Das britische Justizministerium hat am 9. Juni 2026 den Start mehrerer KI‑Pilotprojekte angekündigt. Geplant sind unter anderem Assistenzsysteme für Routineaufgaben, ein Werkzeug zur Identifikation und Listung prozessreifer Fälle sowie die Ausweitung von „Justice Transcribe“ für Bewährungs‑ und Vollzugsdienste in England und Wales.
„Justice Transcribe“ soll automatisch Gesprächsaufzeichnungen transkribieren und laut Regierungsschätzung jährlich rund 18.750 Kalendertage an Arbeitszeit freisetzen. Weitere Pilotprojekte, etwa Transkriptions‑Tools für Einwanderungs‑ und Asyltribunale sowie ein System zur Gruppierung von Verhandlungen, werden zunächst in kontrollierten Testumgebungen erprobt.

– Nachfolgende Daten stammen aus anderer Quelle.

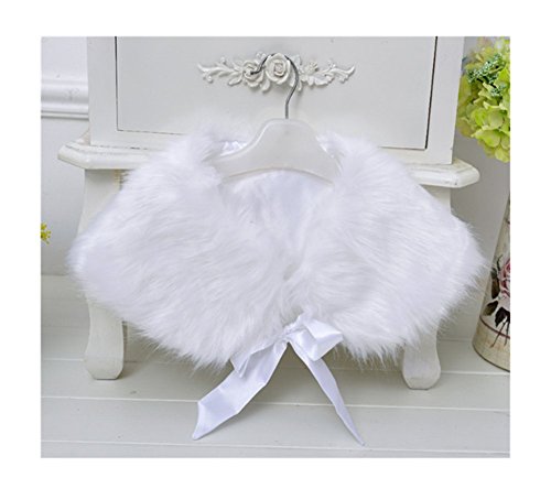 Candykids 子供ケープ 子供 ドレス ポンチョ ボレロ リボン 子供ケープ ふわふわ フォーマル 子供 ドレス ポンチョ ボレロ カーディガン ケープ フォーマル ガールズ キッズ 子供 結婚式 七五三 発表会 披露宴 パーティ (ホワイト)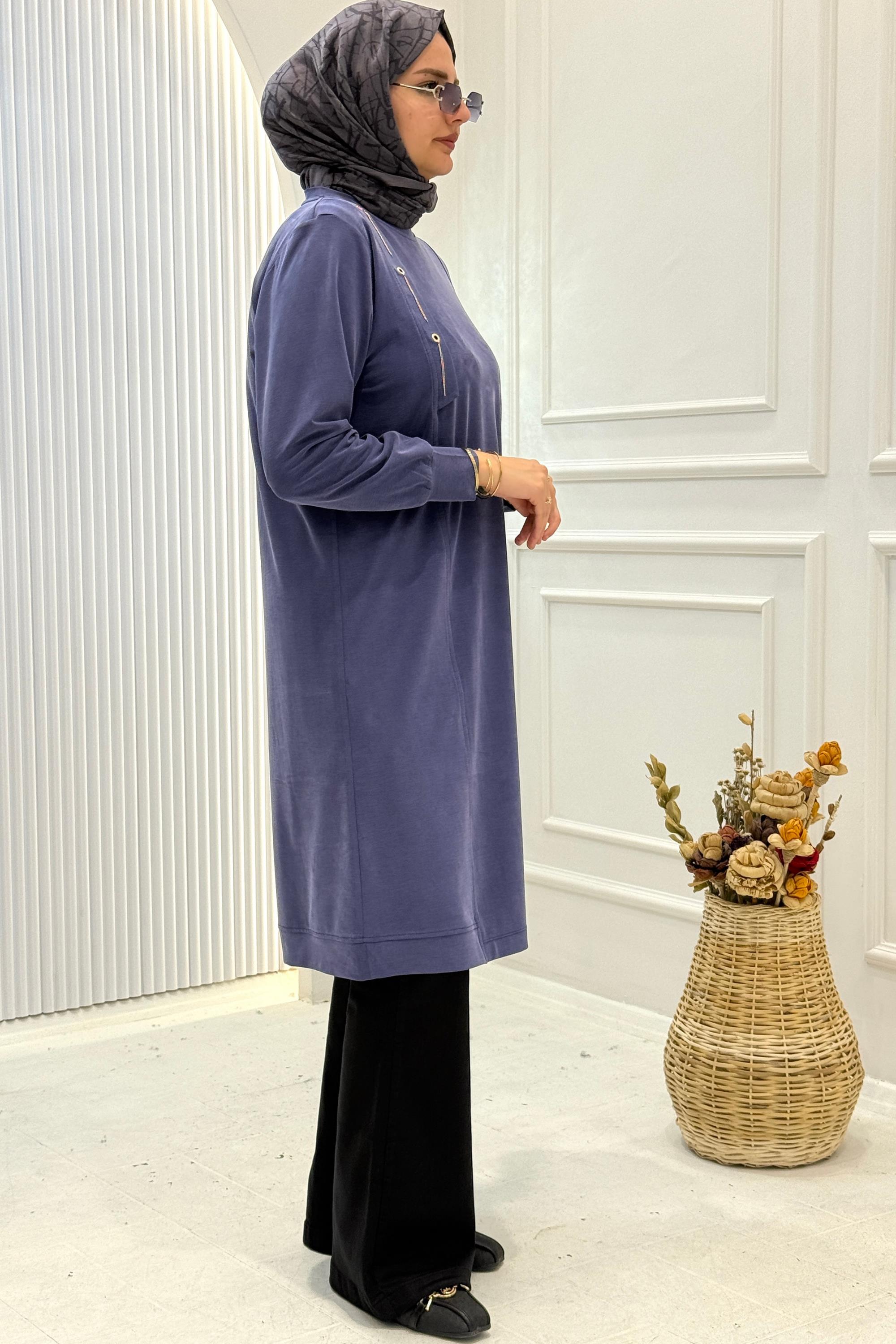 Behrem Büyük Beden Tesettür Tunik İndigo OTW20139

Die Maßnahmen sind Teil der Programme „AI Exemplars“ und der neu gestarteten „AI Growth Labs“, die LawTech‑Innovationen in gesicherten Rahmenbedingungen beschleunigen sollen. Die Regierung betont, dass eine breitere Verbreitung erst nach Erfüllung hoher Sicherheits‑ und Ethikstandards erfolgt; Beobachter mahnen dennoch stärkere Aufsicht, Transparenz und Prüfung auf Bias‑Risiken an.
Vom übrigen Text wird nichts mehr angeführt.